**Problem details:** Retype exactly what appears below from the line containing "대웅제약은 2014년 10월부터" down to the line containing "In the Double", keeping both end lines. Do not include pictures.

**Dataset entries:**
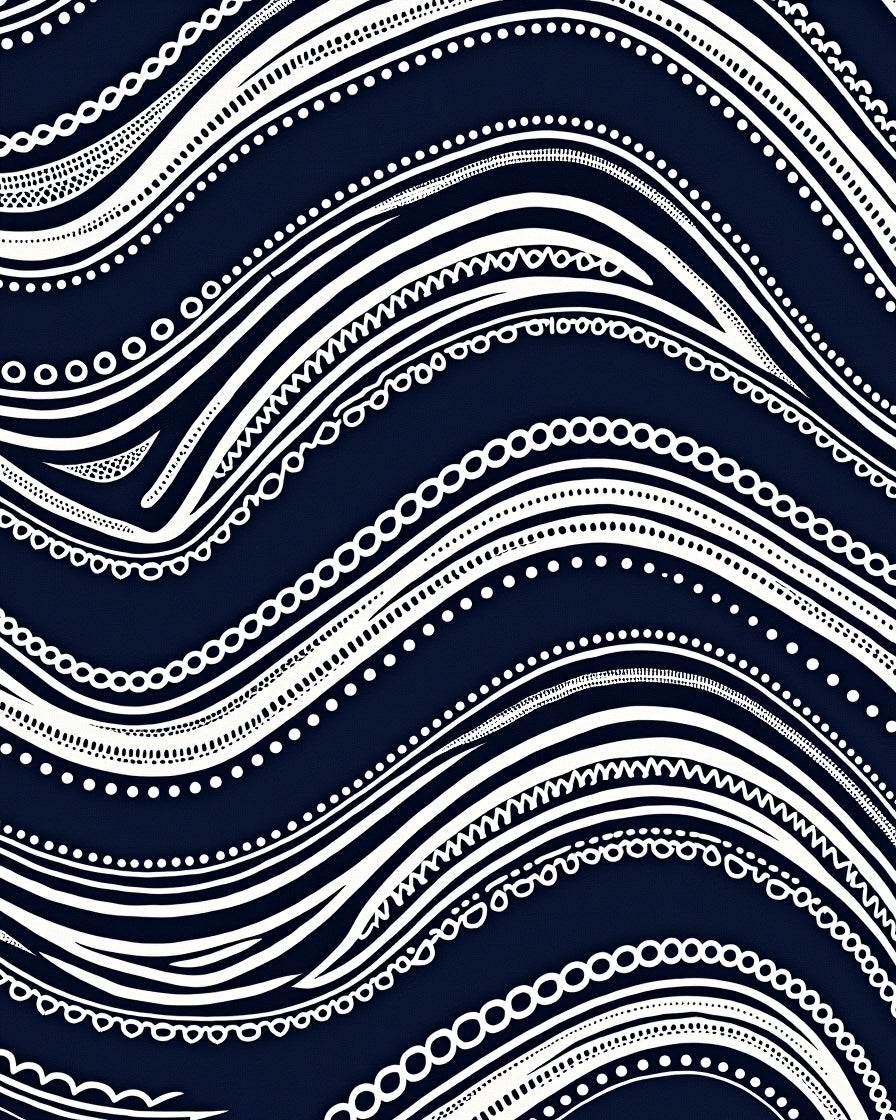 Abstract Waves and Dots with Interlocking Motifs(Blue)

==

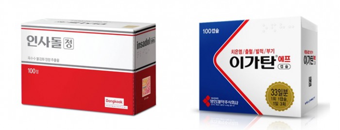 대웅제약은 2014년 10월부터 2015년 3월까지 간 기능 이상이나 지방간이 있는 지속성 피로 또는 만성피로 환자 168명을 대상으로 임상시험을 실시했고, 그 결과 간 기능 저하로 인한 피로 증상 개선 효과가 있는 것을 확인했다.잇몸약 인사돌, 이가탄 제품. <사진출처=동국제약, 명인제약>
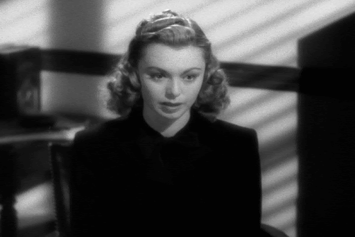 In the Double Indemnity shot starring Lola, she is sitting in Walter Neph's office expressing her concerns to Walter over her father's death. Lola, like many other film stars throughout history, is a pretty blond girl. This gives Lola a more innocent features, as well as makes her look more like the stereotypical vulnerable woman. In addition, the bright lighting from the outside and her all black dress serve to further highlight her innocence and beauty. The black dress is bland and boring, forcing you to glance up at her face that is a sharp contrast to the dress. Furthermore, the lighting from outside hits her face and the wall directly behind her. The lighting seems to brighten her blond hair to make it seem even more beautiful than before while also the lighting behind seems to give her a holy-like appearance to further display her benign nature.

**Task output:**
 대웅제약은 2014년 10월부터 2015년 3월까지 간 기능 이상이나 지방간이 있는 지속성 피로 또는 만성피로 환자 168명을 대상으로 임상시험을 실시했고, 그 결과 간 기능 저하로 인한 피로 증상 개선 효과가 있는 것을 확인했다.잇몸약 인사돌, 이가탄 제품. <사진출처=동국제약, 명인제약>
 In the Double Indemnity shot starring Lola, she is sitting in Walter Neph's office expressing her concerns to Walter over her father's death. Lola, like many other film stars throughout history, is a pretty blond girl. This gives Lola a more innocent features, as well as makes her look more like the stereotypical vulnerable woman. In addition, the bright lighting from the outside and her all black dress serve to further highlight her innocence and beauty. The black dress is bland and boring, forcing you to glance up at her face that is a sharp contrast to the dress. Furthermore, the lighting from outside hits her face and the wall directly behind her. The lighting seems to brighten her blond hair to make it seem even more beautiful than before while also the lighting behind seems to give her a holy-like appearance to further display her benign nature.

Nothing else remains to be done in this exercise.